**Assignment**: What is needed is an exact repetition of the lines below, from the first one through the one holding "새로운 애완동물 그릇, 개", with no pictures and nothing else.

**Data below**:
═══

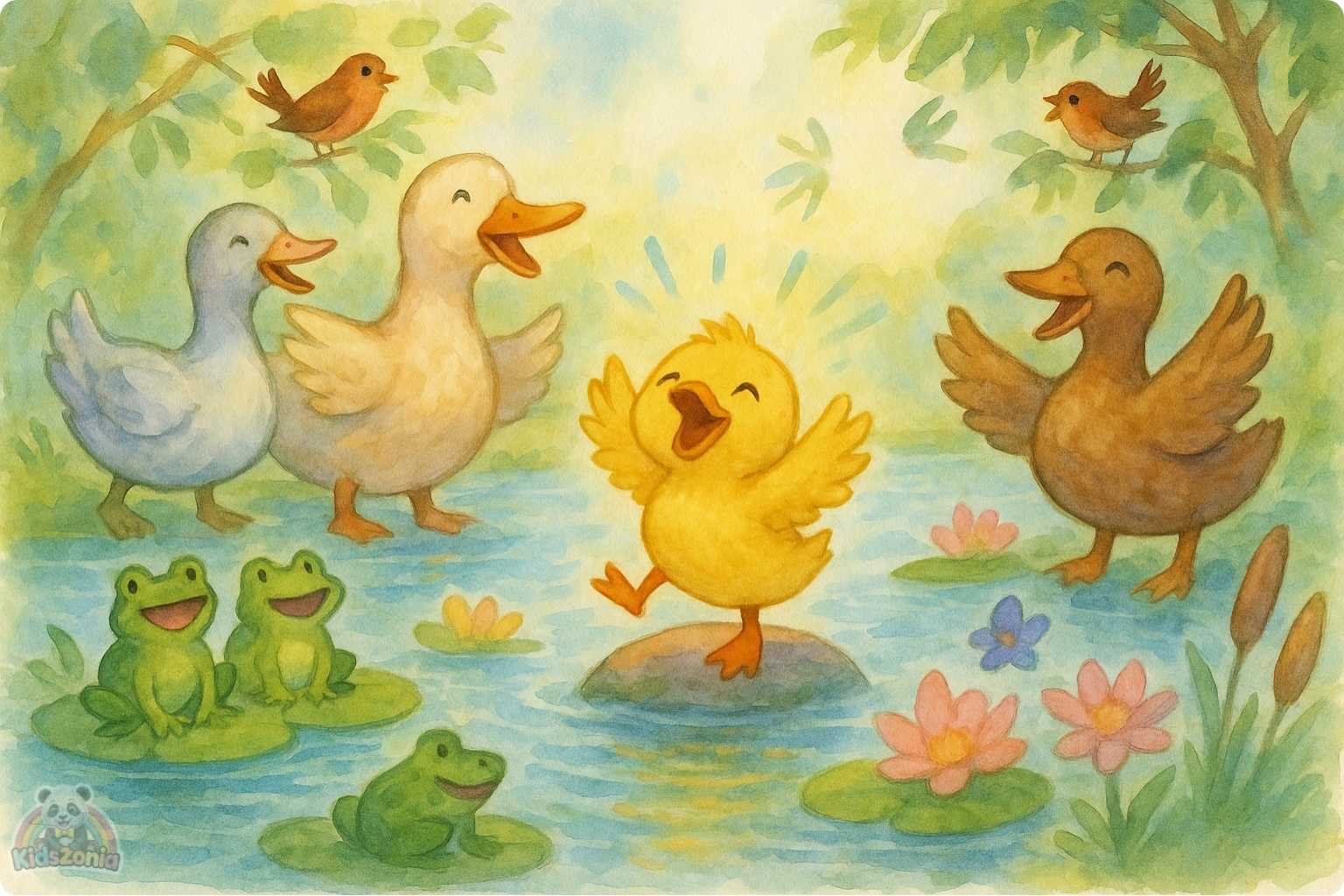 The pond cheered — quacks, croaks, and chirps all together.
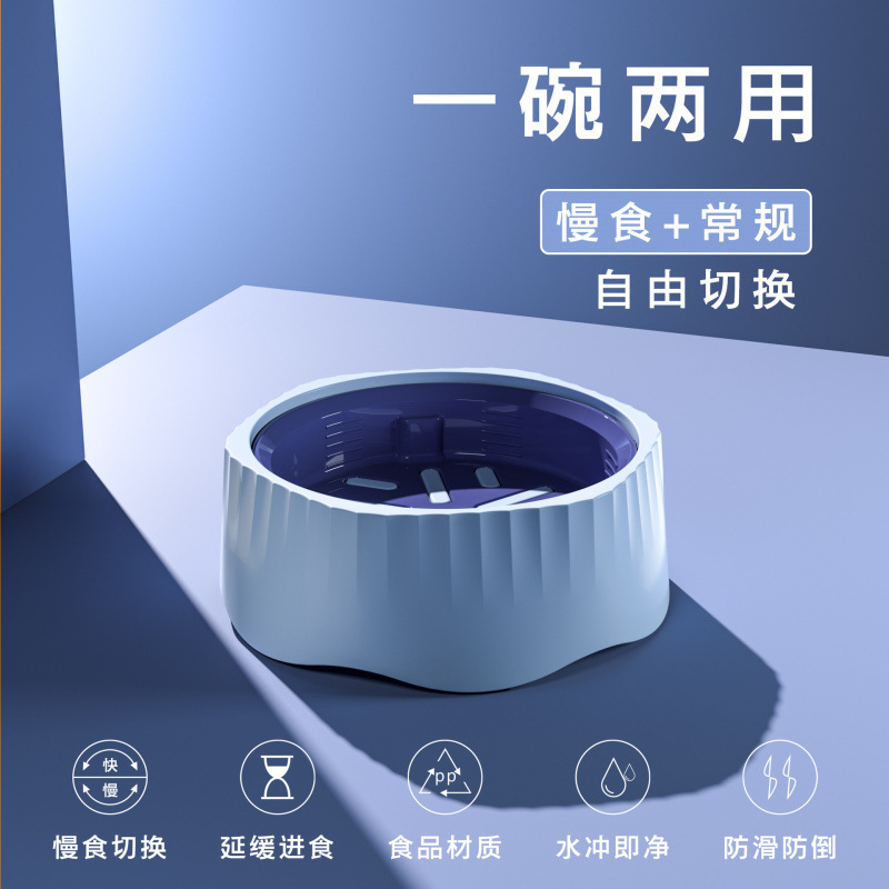 새로운 애완동물 그릇, 개 그릇, 개 사료 그릇, 느린 먹이 이중 목적 질식 방지 고양이 사료 그릇, 뒤집힘 방지 다기능 애완동물 그릇
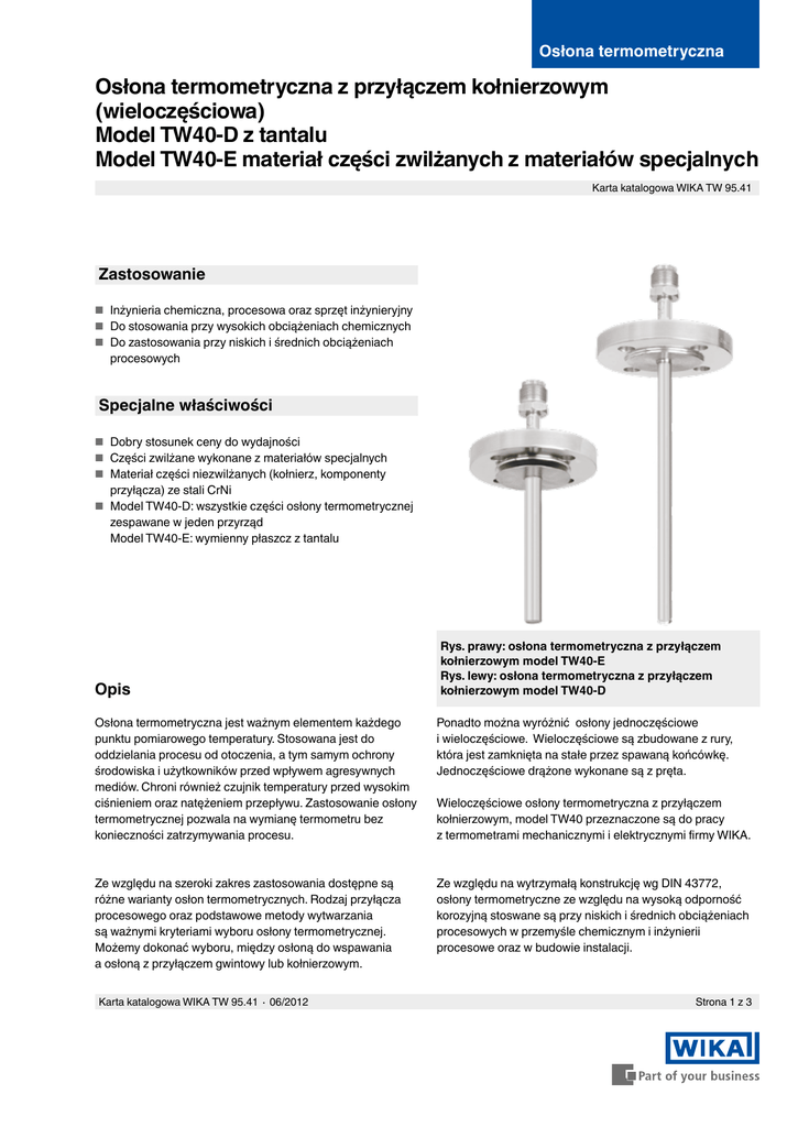 Osłona termometryczna Osłona termometryczna z przyłączem kołnierzowym (wieloczęściowa) Model TW40-D z tantalu Model TW40-E materiał części zwilżanych z materiałów specjalnych Karta katalogowa WIKA TW 95.41 Zastosowanie ■■ Inżynieria chemiczna, procesowa oraz sprzęt inżynieryjny ■■ Do stosowania przy wysokich obciążeniach chemicznych ■■ Do zastosowania przy niskich i średnich obciążeniach procesowych Specjalne właściwości ■■ Dobry stosunek ceny do wydajności ■■ Części zwilżane wykonane z materiałów specjalnych ■■ Materiał części niezwilżanych (kołnierz, komponenty przyłącza) ze stali CrNi ■■ Model TW40-D: wszystkie części osłony termometrycznej zespawane w jeden przyrząd Model TW40-E: wymienny płaszcz z tantalu Opis Rys. prawy: osłona termometryczna z przyłączem kołnierzowym model TW40-E Rys. lewy: osłona termometryczna z przyłączem kołnierzowym model TW40-D Osłona termometryczna jest ważnym elementem każdego punktu pomiarowego temperatury. Stosowana jest do oddzielania procesu od otoczenia, a tym samym ochrony środowiska i użytkowników przed wpływem agresywnych mediów. Chroni również czujnik temperatury przed wysokim ciśnieniem oraz natężeniem przepływu. Zastosowanie osłony termometrycznej pozwala na wymianę termometru bez konieczności zatrzymywania procesu. Ponadto można wyróżnić osłony jednoczęściowe i wieloczęściowe. Wieloczęściowe są zbudowane z rury, która jest zamknięta na stałe przez spawaną końcówkę. Jednoczęściowe drążone wykonane są z pręta. Ze względu na szeroki zakres zastosowania dostępne są różne warianty osłon termometrycznych. Rodzaj przyłącza procesowego oraz podstawowe metody wytwarzania są ważnymi kryteriami wyboru osłony termometrycznej. Możemy dokonać wyboru, między osłoną do wspawania a osłoną z przyłączem gwintowy lub kołnierzowym. Ze względu na wytrzymałą konstrukcję wg DIN 43772, osłony termometryczne ze względu na wysoką odporność korozyjną stoswane są przy niskich i średnich obciążeniach procesowych w przemyśle chemicznym i inżynierii procesowe oraz w budowie instalacji. Karta katalogowa WIKA TW 95.41 ∙ 06/2012 Wieloczęściowe osłony termometryczna z przyłączem kołnierzowym, model TW40 przeznaczone są do pracy z termometrami mechanicznymi i elektrycznymi firmy WIKA. Strona 1 z 3 Inne przyłącza procesowe Materiały części zwilżanych osłony temometrycznej Hastelloy C4 (2.4610), hastelloy C276 (2.4819), monel 400 (2.4360), tytan Grade 2 (3.7035) 1), tantal Podkładka kołnierza wg EN 1092-1 z przylgą forma B1 wg DIN 2527 z przylgą forma C wg DIN 2526 wg ASME B16.5 z przylgą forma RF (dla tantalu przylga gładka) Rozmiar nominalny wg EN 1092-1, DIN 2527: wg ASME: DN 25, DN 40, DN 50 1", 1 ½", 2" Klasa ciśnieniowa wg EN 1092-1, DIN 2527: wg ASME: PN 16 ... 40 150 lbs, 300 lbs, 600 lbs Przyłącze do termometru M24 x 1,5 ruchome lub gwinty wew. G ½, ½ NPT Rura Ø 13,7 x 2,2 mm Otwór Ø 9,3 mm Płaszcz z tantalu, otwór 12 x 0,4 mm dla otworu 7 mm 16 x 0,4 mm dla otworu 9 mm 13 x 0,4 mm dla otworu 6,1 mm Długość zanurzeniowa U1 Według specyfikacji klienta Długość całkowita L Długość zanurzeniowa U1 2) + 80 mm Maks. przyłącze procesowe, ciśnienie procesowe Zależne od ■■ Wersja osłony termometrycznej - Wymiary - Materiał - Ciśnienie kołnierza ■■ Warunki procesowe - szybkość przepływu - gęstość medium 1) W przypadku tytanu klasy 2 (3.7035) kołnierz wraz z jego komponentami nie jest przyspawany na stałe do rury 2) Dla wersji z pokryciem z tantalu, długość zanurzeniowa U1 będzie dłuższa o 3 mm Opcjonalnie ■■ Inne materiały i wymiary ■■ Gwint wewnętrzny ■■ Certyfikaty i świadectwa Więcej informacji na temat kalkulacji osłon termometrycznych znajduje się w informacji technicznej Wymiary w mm TW40-D IN 00.15. TW40-D-M5 TW40-E-M5 Rury Legenda: L długość całkowita N M długość szyjki przedłużeniowej (min. U1 Ø d1 60 mm) Strona 2 z 3 Przyłącze do termometru Długość zanurzeniowa Otwór Ø F1 Ø FT S S1 Zew. średnica osłony termometrycznej Zewnętrzna średnica płaszcza z tantalu Grubość ścianki Grubość końcówki Karta katalogowa WIKA TW 95.41 ∙ 06/2012 11319615.01 Opcjonlanie: gwinty wew. Model TW40-D Wymiary w mm N M24 x 1,5 G½ ½ NPT Ø F1 S 13,7 13,7 13,7 2,2 2,2 2,2 Waga w kg Kołnierz DN 25 M U1 = 100 mm 80 80 80 1,50 1,50 1,50 Dodatkowa waga innych kołnierzy PN 16 ... 40 DN 40 DN 50 1" 1" 1" 1 ½" 1 ½" 1 ½" U1 = 500 mm 1,90 1,90 1,90 PN 16 ... 40 PN 16 ... 40 150 lbs 300 lbs 600 lbs 150 lbs 300 lbs 600 lbs +0,76 kg +1,63 kg –0,46 kg +0,04 kg +0,22 kg +0,22 kg +1,34 kg +1,85 kg Model TW40-D-M5 (tantal) Wymiary w mm N M24 x 1,5 M24 x 1,5 M24 x 1,5 Ø FT 12 x 0,4 16 x 0,4 13 x 0,4 Ø d1 Ø F1 x S 7 9 6,1 S1 11 x 2 15 x 3 12 x 2,5 M 2,5 3,5 5 80 80 82 Odpowiednie długości zanurzeniowe termometru mechanicznego Forma budowy złącza S, 3, 4, 5 2 Długość zanurzeniowa czujnika l1 l1 = L - 10 mm lub l1 = U1 + M - 10 mm l1 = L - 30 mm lub l1 = U1 + M - 30 mm Chropowatość powierzchni uszczelnienia Norma kołnierza ASME B16.5 EN 1092-1 06/2016 PL based on 06/2012 D DIN 2527 Stock finish Smooth finish Forma B1 Forma B2 Forma C Forma E AARH w µcalach 125 ... 250 < 125 - Ra w µm 3,2 ... 6,3 < 3,2 3,2 ... 12,5 0,8 - 3,2 - Rz w µm 12,5 ... 50 3,2 ... 12,5 40 ... 160 < 16 Dane do zamówienia Model / forma osłony termometrycznej / wymiar rury / rozmiar nominalny DN / zakres ciśnienia PN / przylga / przyłącze do termometru / długość zanurzeniowa U1 / długość całkowita L / materiał osłony termometrycznej / montaż z termometrem / certyfikat / opcjonalnie © 2007 WIKA Alexander Wiegand SE & Co. KG, wszelkie prawa zastrzeżone Specyfikacje i wymiary podane w niniejszej karcie przedstawiają stan konstrukcyjny aktualny w momencie wydruku. Istnieje możliwość wprowadzenia modyfikacji i zmian specyfikacji mater

═══

**Response box**:
 The pond cheered — quacks, croaks, and chirps all together.
 새로운 애완동물 그릇, 개 그릇, 개 사료 그릇, 느린 먹이 이중 목적 질식 방지 고양이 사료 그릇, 뒤집힘 방지 다기능 애완동물 그릇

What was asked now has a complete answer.